A Mexican poet who had recently bought BAsics stepped up to the microphone in mid-afternoon and recited in Spanish one of his poems. He spoke with anger and frustration of a world divided by borders and walls, and of the shameless ways ruling powers have separated people from each other, from ancient times down to the recently built wall on the Mexico/U.S. border. He spoke of the need for a planet without walls or borders.
A jazz trombone accompanied by noise-makers and a drum, shaped sound to in one moment evoke rage and in the next the joy and celebration of triumph, or the possibility of it. Then people started trading readings from the BAsics/Lo BAsico in English and Spanish, jamming together with the musicians—bringing something new and fresh and vibrant to eyes and ears.
A Black woman college student excitedly got off a city bus when she saw the festivities and recognized people from the People's Neighborhood Patrol. A few months earlier the police had threatened her and her boyfriend without cause, and she had been amazed when the Patrol happened onto the scene and called out this illegal and illegitimate activity by the police. Since that night, she said, she has wanted to know more about this movement. She stayed and talked for some time and bought BAsics.
One young man found himself a milk crate and sat down to read at the rear of everything that was going on. He buried his head in BAsics for over an hour, reading passage after passage. He chose a quote about the transition to communism from chapter 2: "A Whole New—And Far Better—World." He had met the revolutionaries marching through Harlem on May Day a year before. He thought communism sounded more like the way things should be, and he was glad to be finding out more about what it actually is.
A knot of Dominicans spoke to us in Spanish, with one older man talking about fighting the U.S. invasion in 1965. Cab drivers from around the world bought the newspaper at the traffic light. European tourists on a double-decker tour bus raised fists as they heard agitation challenging them to get with a new wave of all-the-way communist revolution. People from Africa and the Caribbean Islands, university students, visitors from France and Germany and people from the neighborhood stopped to talk: "Could revolution really be made here?" "Don't get me wrong—we need revolution—what your party does is good—but you have to have God in it somewhere." "Why don't more people know about this guy Avakian?"

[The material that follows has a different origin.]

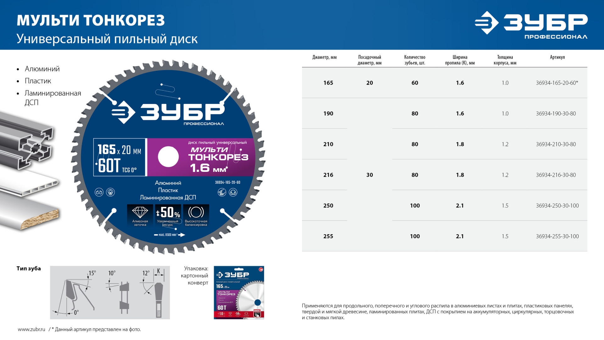 ЗУБР Мульти Тонкорез 165х20 x 1.6 мм, 60Т, диск пильный универсальный, тонкий рез, Профессионал (36934-165-20-60)
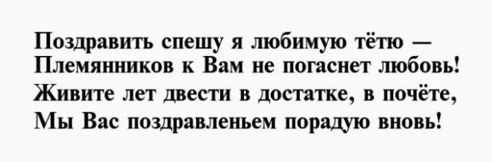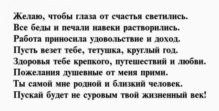 Тетя любимая, в праздник рожденьявсегда,всегда здоровее —

Late Sunday afternoon a team that had spent the day taking Lo BAsico, Avakian and revolution and communism into the immigrants' rights demonstrations downtown joined us Uptown. By the end of the day, altogether hundreds of the special May 1st issue of Revolution and Revolución and the RCP's Message and Call, "The Revolution We Need, the Leadership We Have," along with numbers of BAsics and Lo BAsico, had gotten out in the city. People came together for the evening at an Uptown club in a high finish to the day's struggle and celebration. Folks relaxed, shared stories and experiences from the day, and enjoyed good food and live jazz. Many of the patrons of the club—African Americans, people from half a dozen African countries, a couple from the Czech Republic, another from Japan, local artists—and the staff and musicians—welcomed the message, "The Whole World Comes First" and wanted to talk about where things are in the world and how they can change. A few had already heard of Avakian and the revolution; others were introduced for the first time. Several bought copies of the BAsics book.
At the end of the day: revolutionary spring was in the air.
Revolutionary May 1st, 2011 and nearly 40 people arrived that evening for the celebration. As people entered, they were greeted by music (including "All Played Out," the spoken word piece by Bob Avakian, accompanied by William Parker on bass). There was a delicious spread of food and lively conversation about many things, certainly about the big questions that are being thrown up by the upheavals we've seen this year and the challenges posed.
More than a few of those attending came fresh from the streets, having just taken part in an important May Day march in support of immigrant rights where they joined up with the Revolution contingent. For example, a couple from Eastern Europe met up with the revolutionaries for the first time, the man asking right away to carry the contingent's super-sized red silk flag. Others came to the celebration after participating in a rally of a thousand people that rededicated the Haymarket Martyrs Monument at a cemetery west of the city. We'd also boldly taken out our aims of revolution and communism to that rally and also to a Cinco de Mayo celebration numbering in the thousands. All told, a couple of hundred copies of Revolution newspaper, (including the statement from the RCP "On the Strategy for Revolution") got out on May 1st, as well as palm cards about and copies of BAsics, from the talks and writings of Bob Avakian and the Constitution for the New Socialist Republic in North America (Draft Proposal).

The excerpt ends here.